DCIPs/EIPS/eip-3450.md

---
eip: 3450
title: Standardized Shamir Secret Sharing Scheme for BIP-39 Mnemonics
author: Daniel Streit (@danielstreit)
discussions-to: https://ethereum-magicians.org/t/erc-3450-standard-for-applying-shamirs-to-bip-39-mnemonics/5844
status: Stagnant
type: Standards Track
category: ERC
created: 2021-03-29
---

## Simple Summary

A standardized algorithm for applying Shamir's Secret Sharing Scheme to BIP-39 mnemonics.

## Abstract

A standardized approach to splitting a BIP-39 mnemonic into _N_ BIP-39 mnemonics, called shares, so that _T_ shares are required to recover the original mnemonic and no information about the original mnemonic, other than its size, is leaked with less than _T_ shares.

## Motivation

We'd like to make it easier for less-technical users to store keys securely.

Currently, many users use BIP-39 mnemonics to store entropy values underlying their keys. These mnemonics are a single point of failure. If lost, the user may never regain access to the assets locked by the keys. If stolen, a malicious actor can steal the assets.

Shamir's Secret Sharing Scheme addresses this concern directly. It creates "shares" of the secret, such that a subset can be used to recover the secret, but only if a minimum threshold of shares is reached. Without the minimum, no information about the original secret is leaked.

One concern with Shamir's Secret Sharing Scheme is there is no canonical, standard implementation. This puts recovery at risk, as tooling may change over time.

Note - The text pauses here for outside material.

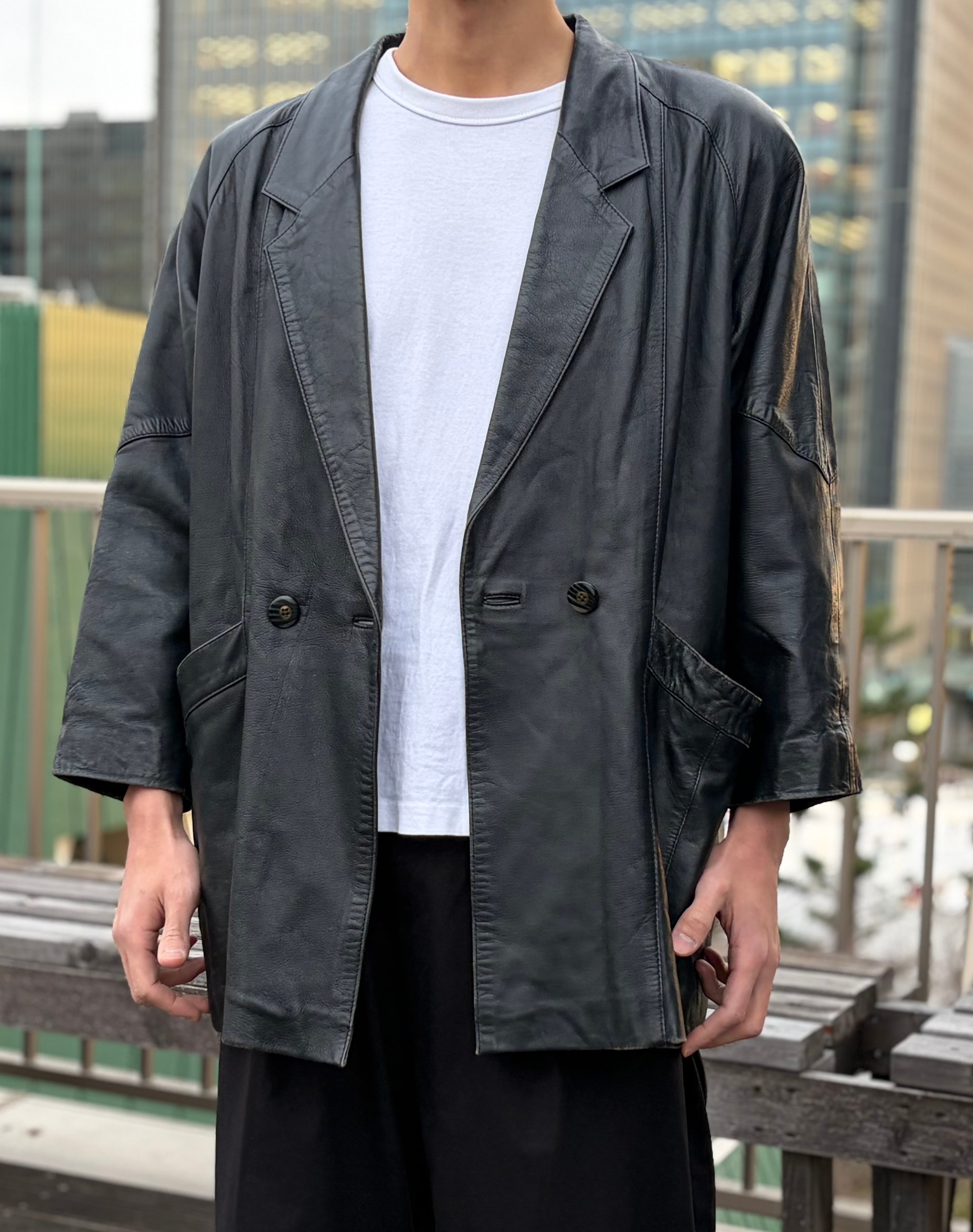 柔らかな羊革を使用した、ダブルブレスト仕様のレザーコート。

Here, we propose a standardized implementation of Shamir's Secret Sharing Scheme applied specifically to BIP-39 mnemonics, so users can easily create shares of their mnemonic, destroy the original, store the shares appropriately, and confidently recover the original mnemonic at a later date.

## Specification

### Shamir's Secret Sharing Scheme

Shamir's Secret Sharing Scheme is a cryptographic method to split a secret into _N_ unique parts, where any _T_ of them are required to reconstruct the secret.

First, a polynomial _f_ of degree _T_ − 1 is constructed. Then, each share is a point on the polynomial's curve: an integer _x_, and its corresponding _y_ point _f_(_x_).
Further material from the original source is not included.